In this episode of ReversingGlass, Matt discusses how tampering is complicated given the complexity of software packages — making it tough to pinpoint. That’s why a final exam of the complete package prior to release is essential.

Learn More

- Definition: What is Software Tampering? 
- White Paper: The Monsters in Your Software Supply Chain 
- Research: The State of Software Supply Chain Security 2024

Episode Transcript

Hi everyone! Welcome back to another episode of ReversingGlass. I'm Matt Rose, Field CISO at ReversingLabs, and today's episode is: What is tampering and how does it relate to software supply chain security? Again, we gotta start with a little bit of a movie quote analogy, went way back for this one.

Finding an example of tampering that leads into the whole software supply chain story associated with tampering is a little bit unique, but how many people know what this movie is? It's the first Indiana Jones movie, going back to the 80s, started the franchise of Indiana Jones.

In this scene, if you remember, this is where someone tried to assassinate Indiana Jones by poisoning the dates, and the monkey got to the dates, and Sala saved Indy from eating the dates. And in this scene, he catches the date and says, bad dates, and they realize that it was tampered with and it was an assassination attempt.

Your software package can also be tampered with in a very similar way, but it's a little bit more complex. So as we jump in, thinking about how do you address tampering in a software supply chain world? The first thing is having a final exam  of the package itself. You can't look at something and figure out if it was tampered with if you don't examine it. So examining the package, breaking it down to its original parts, and comparing it to something with  binary analysis, because breaking it apart is  the process of looking at the root cause. So if you think about the recent supply chain attacks  from 3CX, the code signing process, even though it was correctly signed, was tampered with and the code was manipulated.

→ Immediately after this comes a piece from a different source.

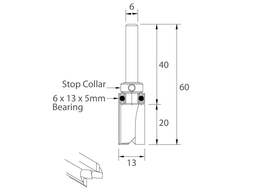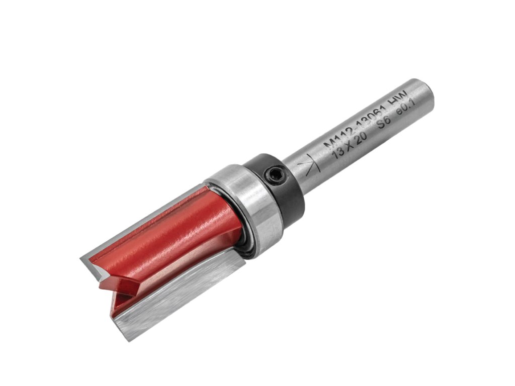 Drážkovací fréza M112 se dvěma zuby z tvrdokovu a ložiskem je určená pro ořezávání a drážkování podél šablony upevněné nad obráběným materiálem. Lze použít pouze v ručních frézkách.

So that final exam is what you need. So complex binary analysis is the first step. Break it back into the parts of the whole,  so you can actually look at everything. And then compare it to itself, a good known entity, so you know what was good and what was bad. And really what tampering and binary analysis allows you to do is to give a reality check.

Is this doing things that are unexpected? Are there things happening that are potentially not exactly what you expect them to be? And the only way you do that is, again, comparing two entities. And there's a lot of different more advanced thoughts on this as you go down, and we're going to talk about those in another ReversingGlass episode, and I'm foreshadowing here with reproducible builds.  But, in this example, you can actually use AI and other techniques to basically jump in and say: Hey, this was something that happened in the past, like a 3CX attack in the code signing issue or the SunBurst attack where differential analysis was the way that you actually figured out: hey this release had this, this release had something different, which led you down the path to either a novel attack or a known malware attack.

So if you're not thinking about tampering as it relates to software supply chain security you're missing the boat. So tampering is the way to do it, and the way you actually identify tampering in a package is post compilation, get it all compiled together, all the components,  then break it back apart and compare it to itself. 

If you're not thinking about tampering, you're not thinking about software supply chain security.  Hope everybody enjoyed the quick episode.  Thanks for watching.